Commémoration à Auschwitz, Vladimir Poutine brille par son absence

Commémoration à Auschwitz, Vladimir Poutine brille par son absence
Commémoration à Auschwitz, Vladimir Poutine brille par son absence - © ODD ANDERSEN - BELGAIMAGE

Il y a 70 ans, le camp d'extermination d'Auschwitz-Birkenau où ont lieu les pires horreurs de l'Holocauste était libéré par l'Armée rouge. Plus d'un million de personnes, essentiellement des juifs, y ont été assassinées. Une cérémonie de commémoration est prévue ce mardi sur le site de l'ancien camp, en présence notamment du roi Philippe et de la reine Mathilde mais aussi des présidents allemand, polonais, français. Toutefois, cette année ce sont les absents qui se font le plus remarquer. En pleine crise ukrainienne, le président russe Vladimir Poutine a refusé de venir.

Moscou a justifié l'absence de Vladimir Poutine par le fait qu'il n'a pas été officiellement invité. Seulement, le musée d'Auschwitz affirme qu'aucune invitation n'a été envoyée, les commémorations étant ouvertes à toutes les délégations internationales. La Russie sera donc représentée par le chef de l'administration présidentielle, Sergueï Ivanov.
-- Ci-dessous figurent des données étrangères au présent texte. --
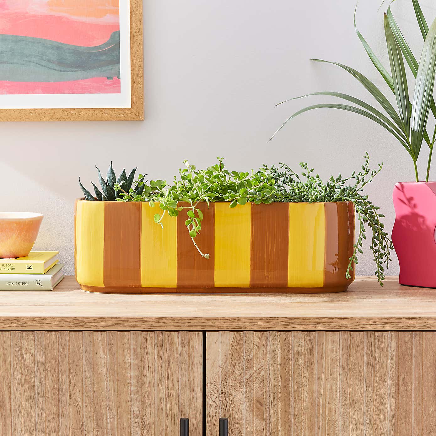 Elements Striped Ceramic Windowsill Plant Pot

En Pologne, cet imbroglio autour des invitations est perçu comme un prétexte de la part du Kremlin pour que Vladimir Poutine ne vienne pas à Auschwitz alors que l'Occident le tient pour responsable de la guerre dans l'est de l'Ukraine. Le président ukrainien, Petro Porochenko, a pour sa part annoncé sa venue.

Depuis le début de la révolution à Kiev, la Pologne n'a eu cesse de soutenir les Ukrainiens pro-occidentaux. La semaine dernière, la tension est montée d'un cran entre Varsovie et Moscou lorsque le chef de la diplomatie polonaise Grzegorz Schetyna a affirmé que ce sont les Ukrainiens du premier front ukrainien soviétique qui ont libéré Auschwitz-Birkenau, minimisant le rôle de l'Armée rouge.

Son homologue russe Sergei Lavrov a immédiatement dénoncé "l'hystérie anti-russe" et affirmé qu'il faut "cesser de se moquer de l'Histoire". Septante ans après la libération du camp, l'Histoire pourrait toutefois bien se répéter et conduire à une nouvelle guerre froide.